FENNVILLE, Mich. - A mother and daughter stumbled upon a message in a bottle from just one day before the world changed forever during a weekly beach walk along Lake Michigan.

“We always walk between these two parks right here because there’s always a lot of litter washed up," Amy Gasaway said.

Gasaway and her daughter Amanda Butler call themselves "beachcombers." They enjoy searching for beach glass, driftwood and other treasures on the beach at West Side County Park.

During one of their beach walks, the pair made an amazing discovery.

“As we were going through the debris, I was using one of the driftwood pieces," Gasaway said. "I kinda caught this yellow bottle top."

It was a Pepsi bottle, but inside it was something that let the women know this was more than just a piece of trash.
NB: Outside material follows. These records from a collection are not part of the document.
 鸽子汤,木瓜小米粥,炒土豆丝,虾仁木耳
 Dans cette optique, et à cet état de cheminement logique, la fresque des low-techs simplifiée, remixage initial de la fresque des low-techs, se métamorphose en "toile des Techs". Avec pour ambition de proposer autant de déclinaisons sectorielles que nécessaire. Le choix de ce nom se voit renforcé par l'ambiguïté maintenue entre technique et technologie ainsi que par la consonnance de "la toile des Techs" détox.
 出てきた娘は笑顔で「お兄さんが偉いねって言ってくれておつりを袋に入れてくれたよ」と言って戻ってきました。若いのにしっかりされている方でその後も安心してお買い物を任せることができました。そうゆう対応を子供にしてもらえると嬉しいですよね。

“It had a nice ‘Open me’ sign in it," Butler said. "So, as we got in to open it, we found a class project for an AP class of English out of Clayton, Indiana.”
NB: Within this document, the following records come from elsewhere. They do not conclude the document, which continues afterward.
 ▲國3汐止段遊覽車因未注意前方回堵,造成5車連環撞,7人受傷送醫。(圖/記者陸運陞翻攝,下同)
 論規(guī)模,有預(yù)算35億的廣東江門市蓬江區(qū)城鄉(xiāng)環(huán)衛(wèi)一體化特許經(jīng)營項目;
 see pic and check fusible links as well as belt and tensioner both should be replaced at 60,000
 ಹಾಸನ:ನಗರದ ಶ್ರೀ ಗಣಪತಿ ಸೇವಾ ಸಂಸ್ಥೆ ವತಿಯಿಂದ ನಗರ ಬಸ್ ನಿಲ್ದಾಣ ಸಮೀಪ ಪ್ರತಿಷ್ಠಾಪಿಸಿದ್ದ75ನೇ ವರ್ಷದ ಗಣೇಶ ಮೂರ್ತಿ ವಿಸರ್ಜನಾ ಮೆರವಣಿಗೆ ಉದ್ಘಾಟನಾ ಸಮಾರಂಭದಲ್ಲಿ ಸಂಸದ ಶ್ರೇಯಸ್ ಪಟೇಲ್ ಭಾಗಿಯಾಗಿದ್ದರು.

Inside the Pepsi bottle were three letters. The first was written by a teacher named Diane Flint at Cascade High School in Clayton, Indiana explaining she had her Honors English students write letters and put them in a bottle, hoping they would be found and someone would write them back. The other two letters were written by Flint's students.

As Amanda and Amy were reading the two letters inside written by then 15-year-old boys Zachary Catlin and John Thomas, they noticed the date they were written: September 10, 2001.

“I’m sure they had no clue whatsoever how the world was about to change in front of them," Gasaway said.

Catlin wrote that he wanted to be a geologist when he grew up. Thomas wrote about how he liked to play guitar and sleep.

“It really makes you wonder, you know, what these young men have gone through since then," Gasaway said. “There’s been a lot of changes since 9/11, since they wrote these.”

Now, their mission is to find Catlin and Thomas to see how the last 18 years have been for them.

“We’re also curious at how many of them came back from their project, you know?" Gasaway said. "Is this maybe one of the last few out there? Were there every any found, you know? We do have a couple questions for them.”

WXMI is working with Gasaway and Butler to get in touch with the men who wrote the letters, along with their high school teacher. The women said they want to give their letters back to them along with some other treasures they've found on their beach walks.